Work request:
The listing that follows must be retyped exactly, without its pictures.

Dataset section:
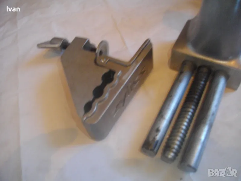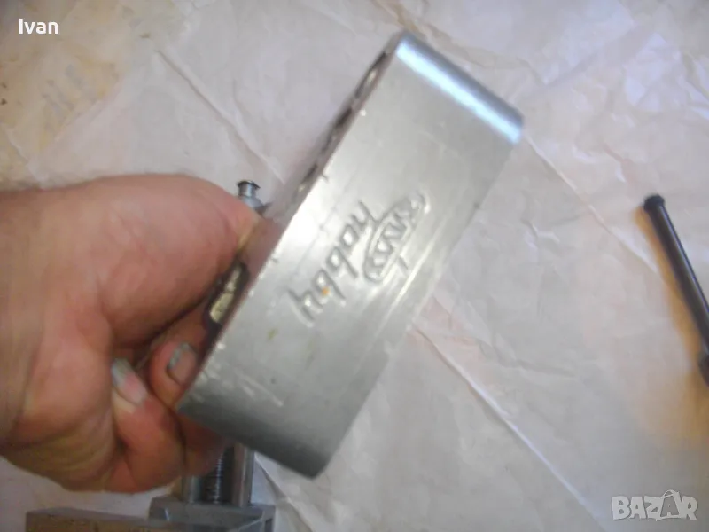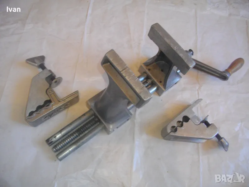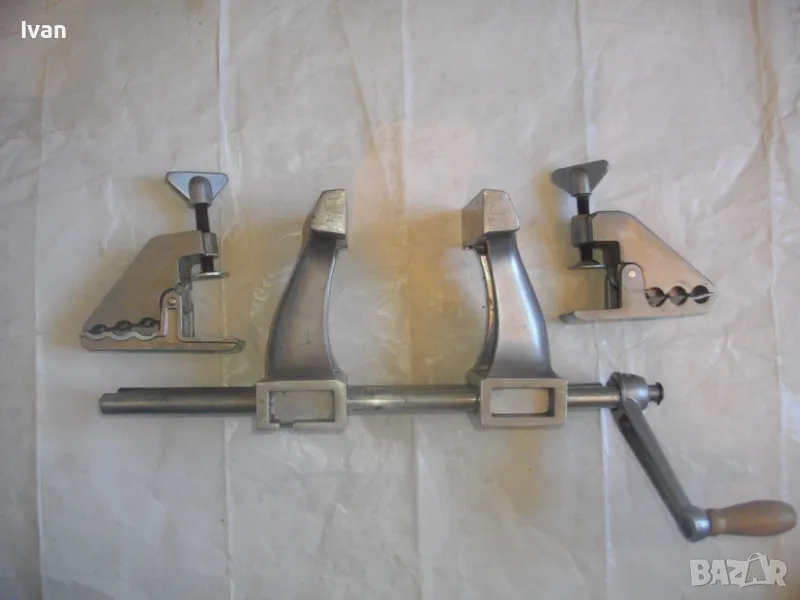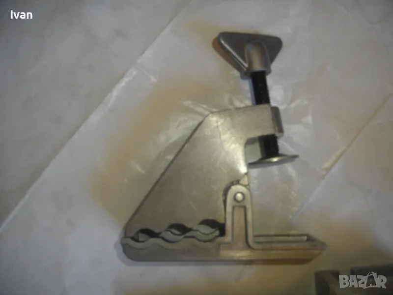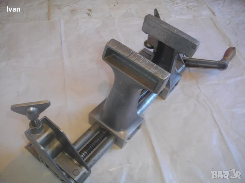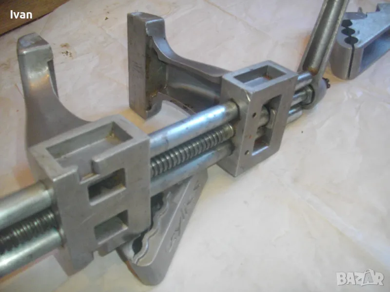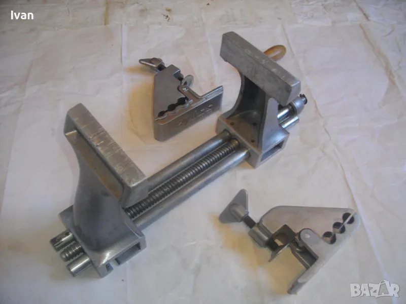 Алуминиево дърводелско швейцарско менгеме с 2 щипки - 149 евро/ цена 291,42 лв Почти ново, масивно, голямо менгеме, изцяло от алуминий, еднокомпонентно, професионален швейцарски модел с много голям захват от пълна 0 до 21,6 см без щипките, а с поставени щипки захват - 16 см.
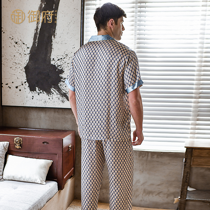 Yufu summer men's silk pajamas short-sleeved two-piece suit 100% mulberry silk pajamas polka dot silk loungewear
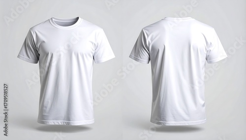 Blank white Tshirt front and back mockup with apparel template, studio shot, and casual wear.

Result for this exercise:
 Алуминиево дърводелско швейцарско менгеме с 2 щипки - 149 евро/ цена 291,42 лв Почти ново, масивно, голямо менгеме, изцяло от алуминий, еднокомпонентно, професионален швейцарски модел с много голям захват от пълна 0 до 21,6 см без щипките, а с поставени щипки захват - 16 см.
 Yufu summer men's silk pajamas short-sleeved two-piece suit 100% mulberry silk pajamas polka dot silk loungewear
 Blank white Tshirt front and back mockup with apparel template, studio shot, and casual wear.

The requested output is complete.